Observed Climate Trends Western Cape
The Western Cape has experienced a substantial rate of temperature increase at approximately 0.2°C per decade at several locations, as recorded over the 1931-2015 period. Daytime maximum temperatures have increased steadily. Extreme warm events have also increased, such that the number of hot days has risen at a rate of about one day per decade. What is equally significant for pome and stone fruit production is that the mean annual minimum temperature has increased by approximately 0.15°C per decade (Midgley et al., 2016a) and the number of cold nights has decreased at approximately 1.5 to 2.5 days per decade.
Trends in annual average temperatures (top) and in annual number of cold nights (bottom) over the period 1931-2015. Filled symbols indicate significance of trend at the 95% confidence level. (Source: SA TNC, 2016; adapted from Kruger and Nxumalo, 2016)
Annual rainfall totals show sta¬tistically significant increases over the central southern interior of South Africa during the period 1921-2015, with the rate of increase as high as 10 mm/decade or more. Associated increases in the number of days with extreme rainfall (daily rainfall above the 95th percentile threshold) have also occurred in this region as well as several other regions of South Africa, at a rate of more than 2 days per decade in some places. Significant decreasing trends in annual rainfall have been recorded over the northern parts of Limpopo.

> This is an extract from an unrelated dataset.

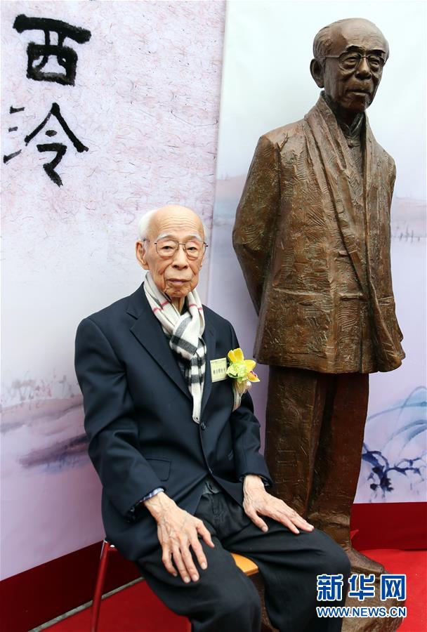 國(guó)學(xué)大師饒宗頤出席其銅像揭幕暨“藝聚西泠”展覽開(kāi)幕典禮(2012年12月14日攝)。新華社記者 李鵬 攝
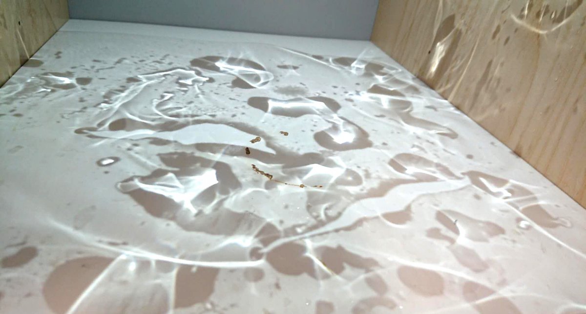 Today, I gathered several plastic materials to experiment with water to create the shadow, such as plastic film, mirror, fluorescence plate, vacuum plastic, acetate etc. By experimenting them with light and water, I found out those are transparent creates clearer shadow than translucent plastic. By using a heat gun to change the shape and add a texture to a piece of acetate, it creates beautiful ripple shape on it. When I pour water on the plane and using a torch to irradiate it, the shadow created has a beautiful and dramatic effect. As the acetate is thin, it is easy to use the heat gun to make it crinkle. I also found a piece of illusion wave clear paper in 4D modelshop, the pattern and texture are interesting, however, because it is translucent the shadow created is not very effective. Overall, I quite like the effect created by the acetate piece, I will further research materials to find the most suitable one.

The analysis also confirmed (results not shown) that the positive trends in annual rainfall totals and extreme rainfall over the southern interior (including the eastern parts of the Western Cape and the western parts of the Eastern Cape) are related mostly to increases in summer rainfall. This type of rainfall is associated with thunderstorm activity, which is projected to increase under climate change.
For the Western Cape, the mean number of rain days per annum has decreased by approximately 2 days per decade, especially along the south coast. The reduction in rain days is most noticeable in late summer and autumn (Midgley et al., 2016a). Where no long term significant changes in rainfall are identifiable in the historical weather records, this does not mean that changes are not occur¬ring, it only means that currently there is insufficient evi¬dence to suggest that any changes identified are not an artefact of natural cycles (10-30-year cycles) and variability, rather than long term steady change. It is thus important to increase rainfall monitoring and analysis in the long term so that emerging trends can be identified.

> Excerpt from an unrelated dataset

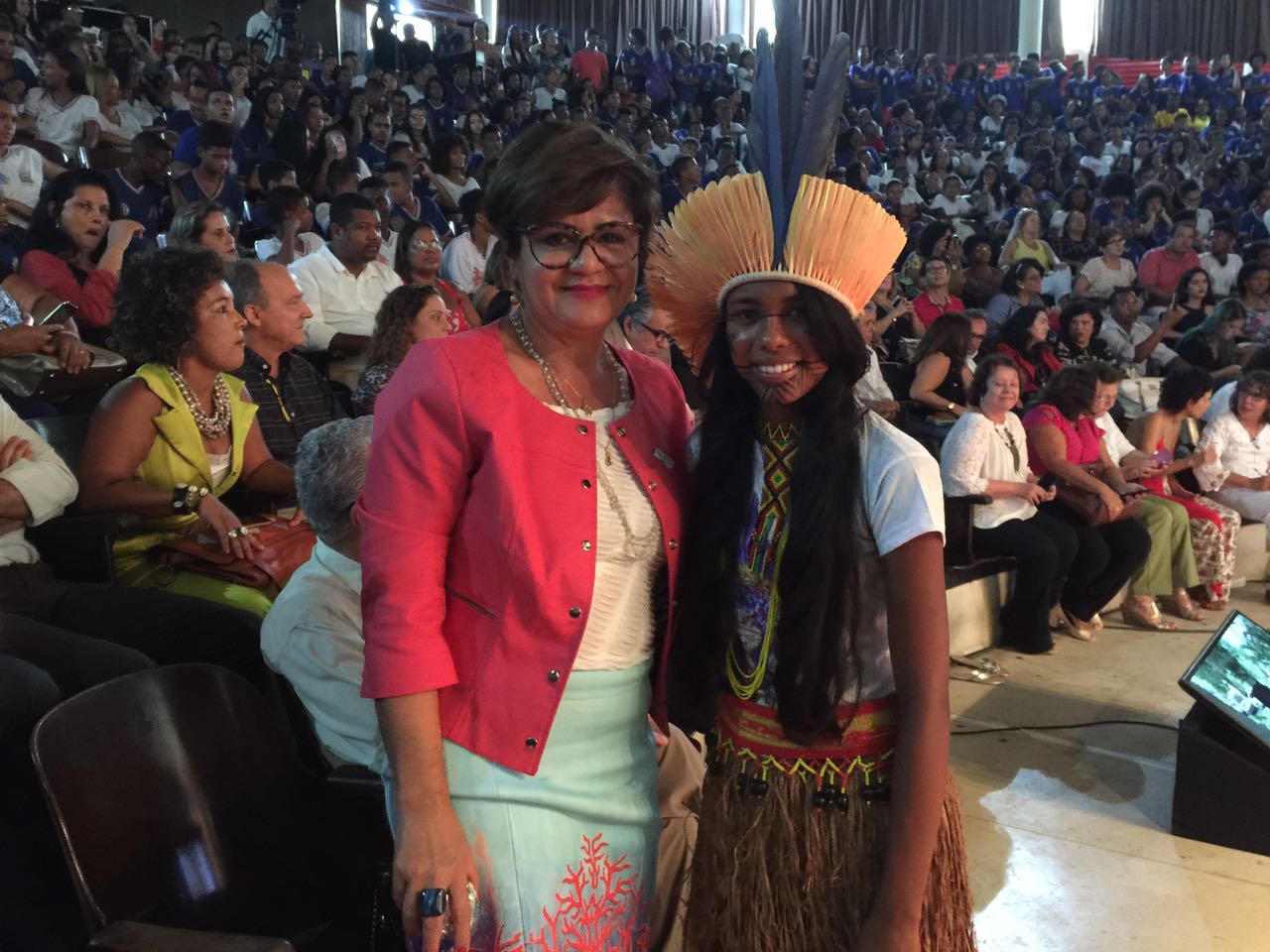 À esquerda, Anatércia Contreiras (Presidente CEE/BA), Walter Pinheiro (Secretário da Educação) e Angelo Almeida (Deputado Estadual). Na foto à direita, o Auditório lotado do Centro Educacional Carneiro Ribeiro (Escola Parque)

Trends in total annual precipitation for individual stations (top) and in the 95th percentile of precipitation (bottom) for the period 1921 – 2015. Filled symbols indicate significance of trend at the 95% confidence level. (Source: SA TNC, 2016; adapted from Kruger and Nxumalo, 2016)

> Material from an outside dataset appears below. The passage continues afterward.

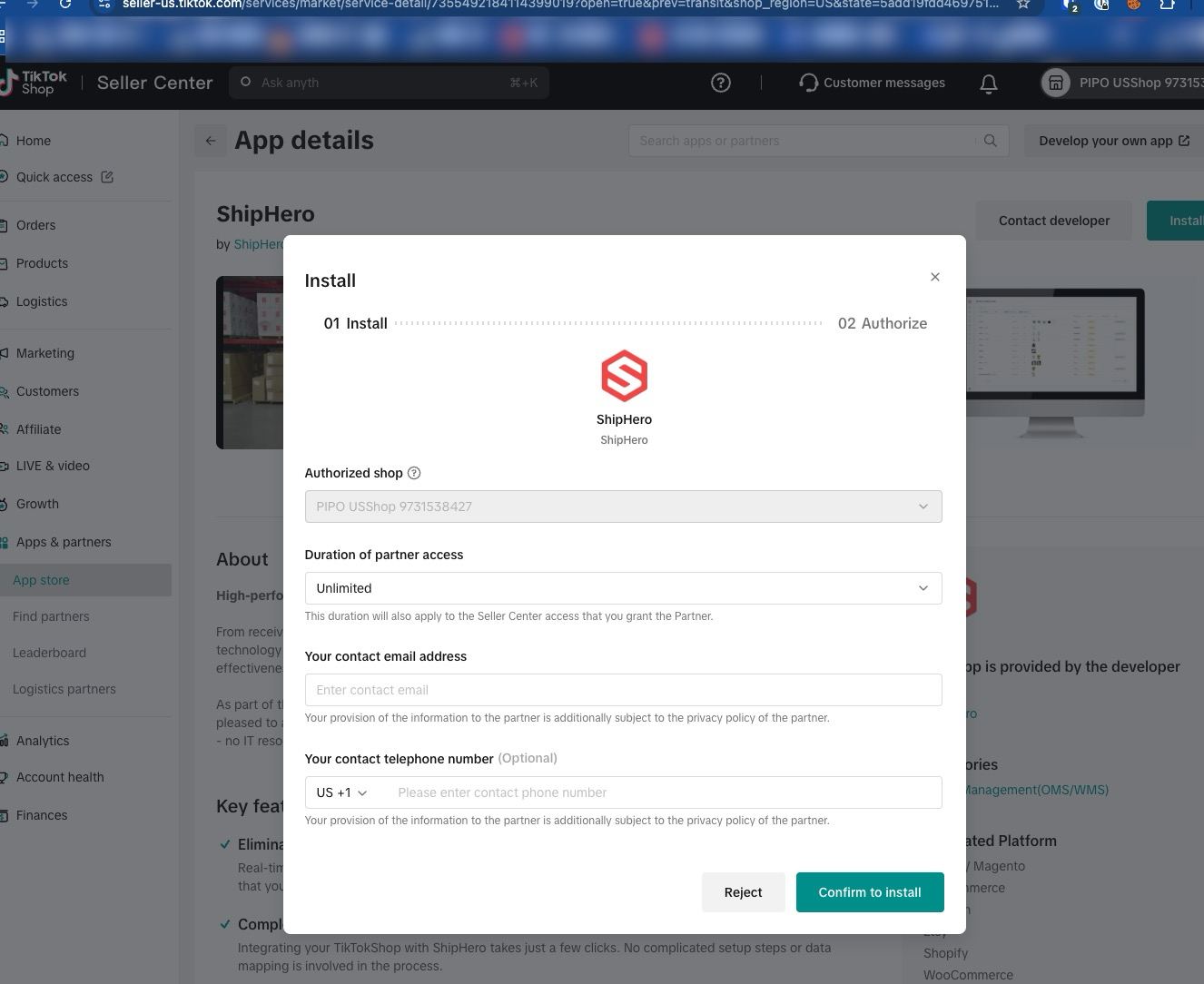 TikTok: ShipHero install page example

The Western Cape has in recent history experienced a high frequency of flooding events associated with intense winter frontal systems and/or cut-off low pressure systems. Ten significant flooding events were experienced in the period 2003-2008 (Holloway et al., 2010) followed by five high impact flooding events between 2011 and 2014 (Pharoah et al., 2016). The region has also experienced several droughts, some extending into multiple years. The devastating drought of 2015-2018 came on the back of droughts in 2002-2003 and 2009-2010 in some regions. In some parts of the Klein Karoo the drought has not yet been broken and has caused significant losses to stone fruit growers. Both flooding and drought events have had large impacts on the region ranging from loss of life and property damage, through to larger scale infrastructure damage, agricultural losses, costly response measures, and economic loss. Other extreme weather risks encountered include storms (strong wind), hail, extreme cold, snow, extreme heat, and severe humidity.
Hailstorms are relatively rare and localised in the Western Cape, but when they occur, they have the potential to inflict substantial physical and economic damages on fruit farms. In November 2006, a hailstorm in the Haarlem area (Langkloof) damaged almost 400 hectares of fruit trees and resulted in loss of employment and income for 354 farmworkers. Hail damage wiped out crops (apple, pears, stone fruit and onions) on scores of farms in the Ceres, Witzenberg and Koue Bokkeveld areas in November 2013 and caused significant damage to much of the remaining crop. The predictability of the occurrence of hail, and modelled projections of future risk, are quite poor because of the dynamic and chaotic nature of the weather systems giving rise to hail.
Scientific analysis cannot yet identify with high accuracy the contribution that climate change may be making to the frequency and severity of climate disasters in South Africa. As mentioned above, one study has shown that the probability of the 2015-2018 drought in the Western Cape was increased three times by human-induced climate change (Otto et al., 2018). Climate models are not yet sophisticated enough to model historical and future patterns of intense localised events such as hail and some storms. This tool thus focuses mainly on gradual climate changes, although extreme patterns of rainfall (dry and wet spells and long duration design of rainfall) and risk of frost (extreme low temperature) and sunburn (extreme high temperature) are included where the modelling can be conducted with sufficient confidence.